In this flow, the APIGateway gets a TIMEOUT (Step 12), so it does what it always does and issues the GetBookedRide operation. This returns the pre-emptive rejected response set in Step 4. Sometime later (say 20 seconds), Riders triggers a rollback scan, which finds the rollback record written in Step 3. This releases the driver and refunds the money.
This flow supports all the LIFE user stories by implementing six LIFE transaction properties, most notably:
- A catastrophic internal error has been hidden from the user by turning an ERROR into a REJECT, as required by the Gracious property.
- The user is quickly given a REJECT that looks atomic to the user, as required by the Progressive property.
- The compensation will make it atomic within a short period, as specified by the Compensated property.

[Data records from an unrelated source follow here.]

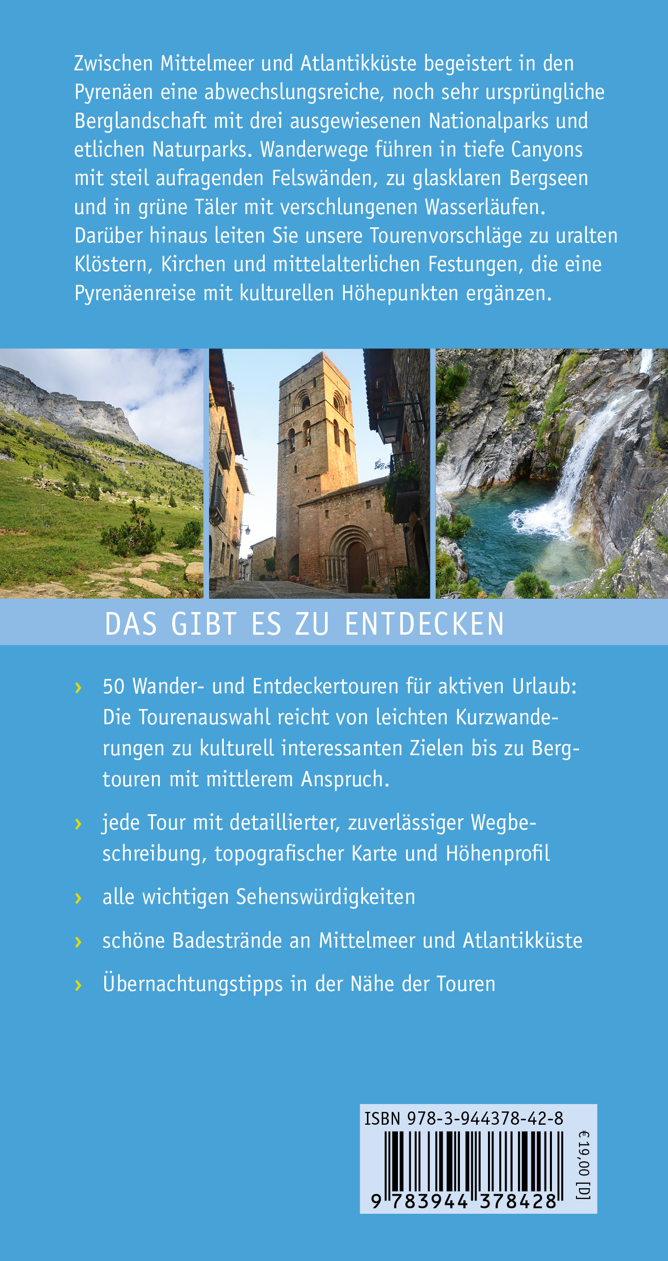 Zwischen Mittelmeer und Atlantikküste begeistert in den Pyrenäen eine abwechslungsreiche, noch sehr ursprüngliche Berglandschaft mit drei ausgewiesenen Nationalparks und etlichen Naturparks. Wanderwege führen in tiefe Canyons mit steil aufragenden Felswänden, zu glasklaren Bergseen und in grüne Täler mit verschlungenen Wasserläufen. Darüber hinaus leiten Sie unsere Tourenvorschläge zu uralten Klöstern, Kirchen und mittelalterlichen Festungen, die eine Pyrenäenreise mit kulturellen Höhepunkten ergänzen.Das gibt es zu entdecken:- 50 Wander- und Entdeckertouren für aktiven Urlaub: Die Tourenauswahl reicht von leichten Kurzwanderungen zu kulturell interessanten Zielen bis zu Bergtouren mit mittlerem Anspruch.- jede Tour mit detaillierter, zuverlässiger Wegbeschreibung, topografischer Karte und Höhenprofil- alle wichtigen Sehenswürdigkeiten- Übernachtungstipps in der Nähe der Touren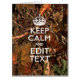 Your personalised Keep Calm saying on a deep fall season camouflage decor. A personalised Keep Calm style saying on a one of a kind gift. Humourous or whimsical try on your creative words on two editable lines of text. Remember to use CAPITAL letters for best results.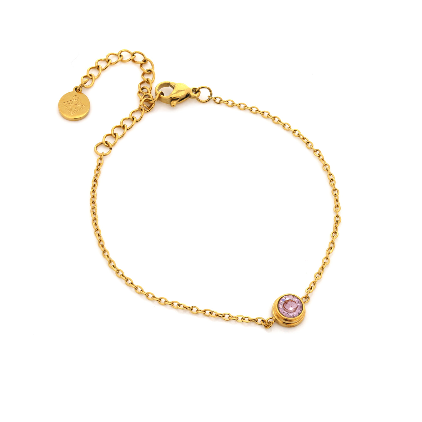 Dainty Bezel Bracelet - Yellow Gold & Pink Stone

It also leaves the two databases and the bank consistent. In contrast, for a microservice architecture that ignores transactions, the money will be taken, the driver allocated, but no ride will happen, and the user’s booking app will eventually timeout. This results in an angry user, and angry users are not good.
In summary
- LIFE is a transaction model focussing on a happy user, not consistent storage (though it does that too).
- LIFE handles transactionality from the UI through the server processing and storage out to your external service providers.
- There are six properties of a LIFE transaction that have to be built. That can be provided as infrastructure and taught to teams.
- The LIFE transaction model can be incorporated into your existing micro-service architecture, you don’t need exotic tech.
In subsequent articles, I will show more detail on implementing LIFE in a simple and low-impact way. I will also show that it effectively provides a great UX, even when there are really high levels of disruption in your tech stack.
Notes
Note 1
Before the 1980’s transactionality was primarily a problem to be solved by the architects of each system. Those architects had some underlying theory, such as Petri’s nets, Lampson and Sturgis’ two-phase commit, and Dijkstra’s semaphores, and manifestations of those in tooling, most notably IBM’s CICS and IMS. There were (and still are) specialised solutions outside mainstream development, such as MUMPS for medical records, outside mainstream development.
Härdner and Reuter’s seminal 1983 paper lucidly described a general approach with the ACID model in the scope of database transactions. Many other researchers contributed in the public domain, such as Reed describing multi-version consistency, and proprietary research occurred within database vendors. All this was in the scope of a single database active at a single location – which was the leading technology of that time.
Note 2
There is one other result, namely FAILURE. This is not part of the model but indicates a system design error in that one of the transactional results did not happen. It differs from ERROR, meaning the user knows that the system is confused and needs help. ERROR is an undesirable outcome, but humans can tolerate it if it is rare. FAILURE is the user and the system converging to a different view of the outcome (for example, the buyer thinks the payment worked, but their bank thinks it did not) and is not tolerable.